- [Task objective] Reproduce all of the data exactly. Images are not to appear in the reply.

___ Dataset content ___

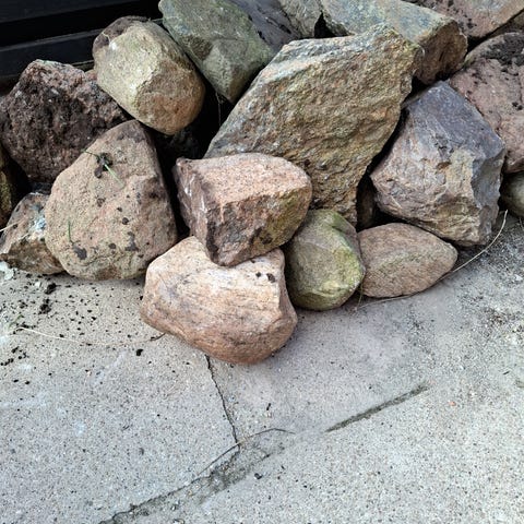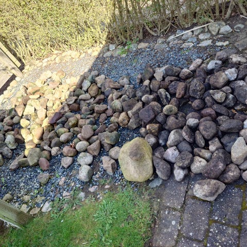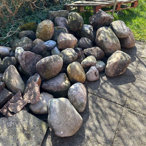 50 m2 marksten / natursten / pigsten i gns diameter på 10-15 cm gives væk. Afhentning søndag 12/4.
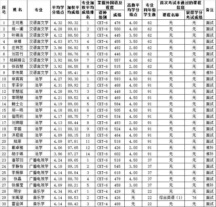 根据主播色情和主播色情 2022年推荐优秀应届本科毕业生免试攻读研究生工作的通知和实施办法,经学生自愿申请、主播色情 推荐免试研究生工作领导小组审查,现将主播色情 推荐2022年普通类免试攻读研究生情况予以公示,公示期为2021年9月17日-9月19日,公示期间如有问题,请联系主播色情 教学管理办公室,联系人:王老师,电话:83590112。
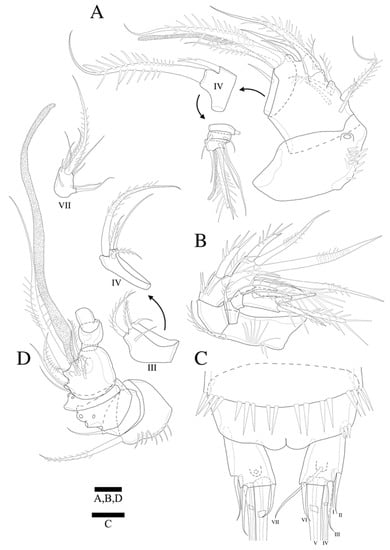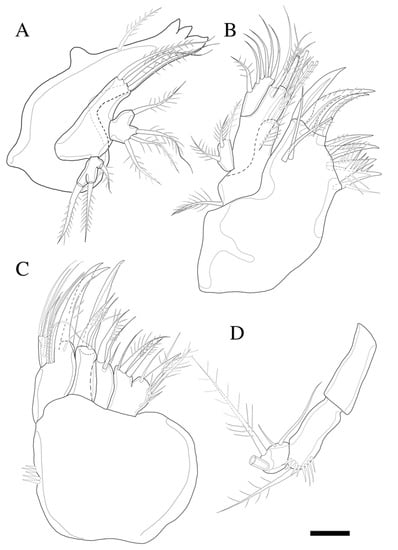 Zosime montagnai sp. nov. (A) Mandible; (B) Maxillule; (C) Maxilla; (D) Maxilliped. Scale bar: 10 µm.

___

- [Solved problem]
 50 m2 marksten / natursten / pigsten i gns diameter på 10-15 cm gives væk. Afhentning søndag 12/4.
 根据主播色情和主播色情 2022年推荐优秀应届本科毕业生免试攻读研究生工作的通知和实施办法,经学生自愿申请、主播色情 推荐免试研究生工作领导小组审查,现将主播色情 推荐2022年普通类免试攻读研究生情况予以公示,公示期为2021年9月17日-9月19日,公示期间如有问题,请联系主播色情 教学管理办公室,联系人:王老师,电话:83590112。
 Zosime montagnai sp. nov. (A) Mandible; (B) Maxillule; (C) Maxilla; (D) Maxilliped. Scale bar: 10 µm.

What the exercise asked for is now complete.